Your answer must be the listing repeated word for word, without its pictures.

_INFORMATION PROVIDED:_
• • • •
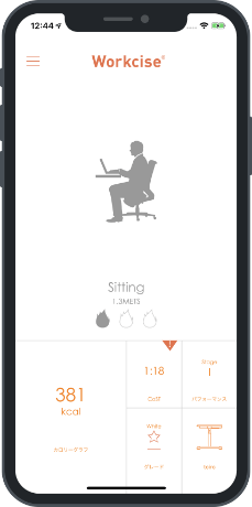 オフィス活動計測アプリ「ワークサイズ」は、アプリを起動し、持ち歩くだけで「立つ」「歩く」「座る」といったオフィス活動を計測し、あなたの働き方を数値化。毎日計測することで意識が変化し、働き方変革をサポートします。
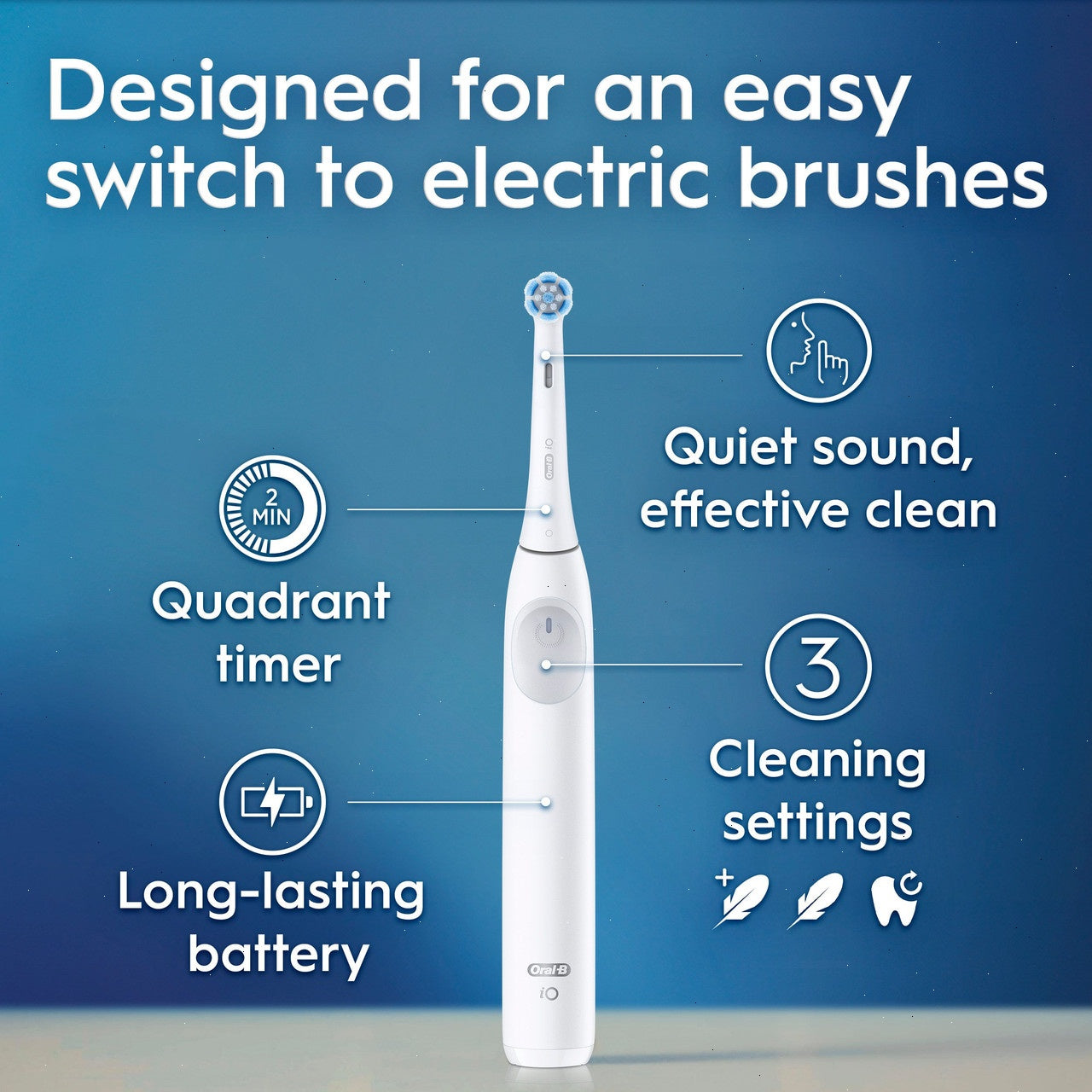 Fits all Oral-B iO replacement brush heads: Ultimate Clean, Gentle Care, Whitening Care, Targeted Clean
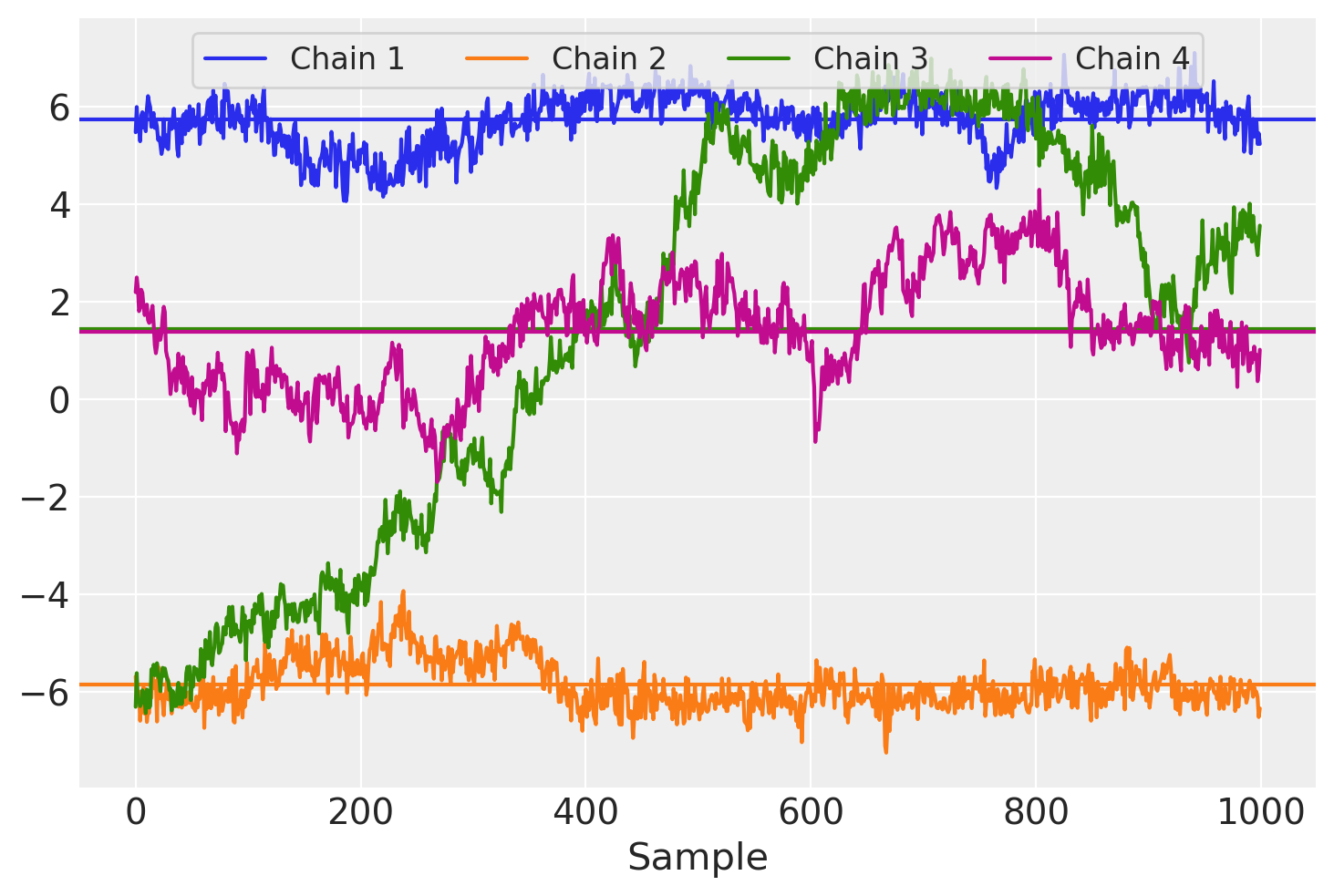 Each chain appears to have a different sample mean and we can also see that there is a great deal of autocorrelation across chains, manifest as long-range trends over sampling iterations.
• • • •
_RESULT:_
 オフィス活動計測アプリ「ワークサイズ」は、アプリを起動し、持ち歩くだけで「立つ」「歩く」「座る」といったオフィス活動を計測し、あなたの働き方を数値化。毎日計測することで意識が変化し、働き方変革をサポートします。
 Fits all Oral-B iO replacement brush heads: Ultimate Clean, Gentle Care, Whitening Care, Targeted Clean
 Each chain appears to have a different sample mean and we can also see that there is a great deal of autocorrelation across chains, manifest as long-range trends over sampling iterations.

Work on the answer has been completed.